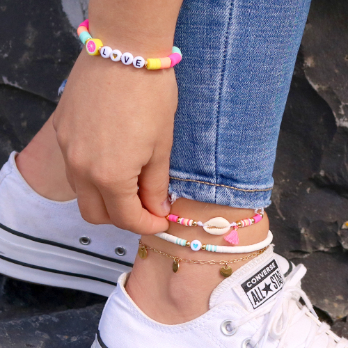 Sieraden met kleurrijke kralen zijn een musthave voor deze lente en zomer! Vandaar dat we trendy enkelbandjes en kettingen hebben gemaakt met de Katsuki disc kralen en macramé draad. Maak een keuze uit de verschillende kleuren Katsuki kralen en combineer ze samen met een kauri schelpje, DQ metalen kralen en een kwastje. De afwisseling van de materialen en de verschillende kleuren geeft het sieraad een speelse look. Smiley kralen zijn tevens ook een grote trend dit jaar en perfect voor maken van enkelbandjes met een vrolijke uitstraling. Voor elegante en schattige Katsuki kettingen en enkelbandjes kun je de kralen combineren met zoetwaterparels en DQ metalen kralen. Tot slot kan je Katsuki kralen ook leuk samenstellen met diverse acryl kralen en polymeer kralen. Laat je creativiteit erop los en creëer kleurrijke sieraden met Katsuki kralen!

============================================================

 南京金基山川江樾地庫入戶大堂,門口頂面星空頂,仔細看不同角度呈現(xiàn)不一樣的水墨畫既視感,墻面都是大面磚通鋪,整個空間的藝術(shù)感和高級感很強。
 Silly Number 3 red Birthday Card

============================================================

In the entries above, find the line with "南京金基山川江樾地庫入戶大堂" and the line with "Silly Number 3 red Birthday Card", then set down exactly those two and every line between them, nothing else.

:: Exercise result ::
 南京金基山川江樾地庫入戶大堂,門口頂面星空頂,仔細看不同角度呈現(xiàn)不一樣的水墨畫既視感,墻面都是大面磚通鋪,整個空間的藝術(shù)感和高級感很強。
 Silly Number 3 red Birthday Card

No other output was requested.